How can I find distribution from mean and variance If I know the mean and variance of a discrete random variable $\in \{0,1,\dots \}$, How can I find the distribution?
 A: A mean of 0.6 and a variance of 2.64 could be a negative binomial distribution with parameters $p=0.914$ and $r=0.057$. However, it could just as well be a zero-inflated Poisson distribution or in fact any number of other distributions (just assign probabilities to the realizations in $\{0, 1, 2, \dots\}$ that fulfill the mean and variance requirements), so I would not speak of finding "the distribution".
A: As others pointed out, you can't go further without any model assumption.

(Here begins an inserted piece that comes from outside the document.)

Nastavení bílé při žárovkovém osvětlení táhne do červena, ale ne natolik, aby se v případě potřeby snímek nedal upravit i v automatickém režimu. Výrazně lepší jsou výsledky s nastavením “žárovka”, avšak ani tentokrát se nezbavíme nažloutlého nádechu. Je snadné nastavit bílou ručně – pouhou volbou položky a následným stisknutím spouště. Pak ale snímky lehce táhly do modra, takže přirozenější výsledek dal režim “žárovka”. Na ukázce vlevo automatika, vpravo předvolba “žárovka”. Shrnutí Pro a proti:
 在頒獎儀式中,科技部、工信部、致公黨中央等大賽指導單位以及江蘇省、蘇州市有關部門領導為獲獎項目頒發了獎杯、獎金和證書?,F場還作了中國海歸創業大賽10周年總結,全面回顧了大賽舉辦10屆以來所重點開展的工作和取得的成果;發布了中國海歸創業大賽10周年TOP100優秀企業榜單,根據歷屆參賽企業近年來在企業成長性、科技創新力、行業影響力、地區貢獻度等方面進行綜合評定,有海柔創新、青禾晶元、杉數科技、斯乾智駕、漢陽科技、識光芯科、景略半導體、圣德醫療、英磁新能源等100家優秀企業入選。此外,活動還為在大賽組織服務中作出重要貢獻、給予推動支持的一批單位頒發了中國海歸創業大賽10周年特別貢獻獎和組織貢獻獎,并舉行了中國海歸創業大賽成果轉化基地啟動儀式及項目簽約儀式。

Just assume the closest model based on your insight from the data and proceed with a formal statistical inference procedure, for example, possibly, the method of moments in your problem. Remember, all models are wrong, some are useful (George Box).
A: You can't really find anything out unless you add extra assumptions - in particular, what class of distribution it is. For example if you assume that it's a binomial distribution, the mean is np and the variance is np(1-p), so you can work out the values of the coefficients n and p.
If you have more than one possible distribution to explain the data, you need to search for "model selection" techniques.
A: What the other answers already suggest is to compare mean and variance.


*

*If mean equals variance then it could be Poisson

*If mean is less than veriaance then it could be negative binomial

*If mean is greater than variance then it could be binomial


And then there are the inflated and truncated families. So you have to know whether 0 has a special role and whether the distribution has finite support (like Binomial) or infinite (like Poisson and negative binomial). 
In fact just knowing mean and variance is not much more than
guessing. Do you know anything of the generation of the data (like number of car accidents or number school drop-outs)?
A: Depends on the size of your support. In this case that we are talking about a discrete support, a distribution is fully specified by a vector with the same size as the support. The distribution, under some technical conditions, can be uniquely mapped to a set of moments, some times referred to as the probability generation function. For this mapping to work, you need all the moments though.
So basically with mean and var, you have only two of the moments so unless your distribution is diatic, you cannot uniquely identify the distribution in question. Instead, you can find a family of distributions.
All this assumes mean and var as the ONLY information you have, if you put some structural constraints, then the problem would be totally different. For example, if you know it the distribution is binomial or Poisson, then finding the exact distribution is straightforward.